WORK ITEM
Would you repeat exactly the part of the listing below that runs from the line containing "The new concrete" down to the line containing "Tavaly mutatták be, de", inclusive, and nothing else?

PROVIDED RECORDS
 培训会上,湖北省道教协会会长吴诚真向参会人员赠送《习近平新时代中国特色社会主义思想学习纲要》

--

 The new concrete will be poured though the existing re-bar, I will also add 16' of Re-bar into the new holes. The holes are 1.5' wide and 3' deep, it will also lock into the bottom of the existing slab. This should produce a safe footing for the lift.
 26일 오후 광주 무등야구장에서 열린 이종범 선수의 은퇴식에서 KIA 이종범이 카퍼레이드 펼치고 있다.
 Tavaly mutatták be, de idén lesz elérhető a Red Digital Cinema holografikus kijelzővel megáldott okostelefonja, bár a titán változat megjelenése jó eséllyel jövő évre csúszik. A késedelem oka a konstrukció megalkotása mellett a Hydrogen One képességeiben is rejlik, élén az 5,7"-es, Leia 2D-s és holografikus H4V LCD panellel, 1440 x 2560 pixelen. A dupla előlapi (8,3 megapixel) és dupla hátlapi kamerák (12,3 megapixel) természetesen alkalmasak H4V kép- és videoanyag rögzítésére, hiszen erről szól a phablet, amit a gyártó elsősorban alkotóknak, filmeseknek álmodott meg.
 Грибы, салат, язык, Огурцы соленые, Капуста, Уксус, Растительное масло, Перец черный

WRITTEN RESPONSE
 The new concrete will be poured though the existing re-bar, I will also add 16' of Re-bar into the new holes. The holes are 1.5' wide and 3' deep, it will also lock into the bottom of the existing slab. This should produce a safe footing for the lift.
 26일 오후 광주 무등야구장에서 열린 이종범 선수의 은퇴식에서 KIA 이종범이 카퍼레이드 펼치고 있다.
 Tavaly mutatták be, de idén lesz elérhető a Red Digital Cinema holografikus kijelzővel megáldott okostelefonja, bár a titán változat megjelenése jó eséllyel jövő évre csúszik. A késedelem oka a konstrukció megalkotása mellett a Hydrogen One képességeiben is rejlik, élén az 5,7"-es, Leia 2D-s és holografikus H4V LCD panellel, 1440 x 2560 pixelen. A dupla előlapi (8,3 megapixel) és dupla hátlapi kamerák (12,3 megapixel) természetesen alkalmasak H4V kép- és videoanyag rögzítésére, hiszen erről szól a phablet, amit a gyártó elsősorban alkotóknak, filmeseknek álmodott meg.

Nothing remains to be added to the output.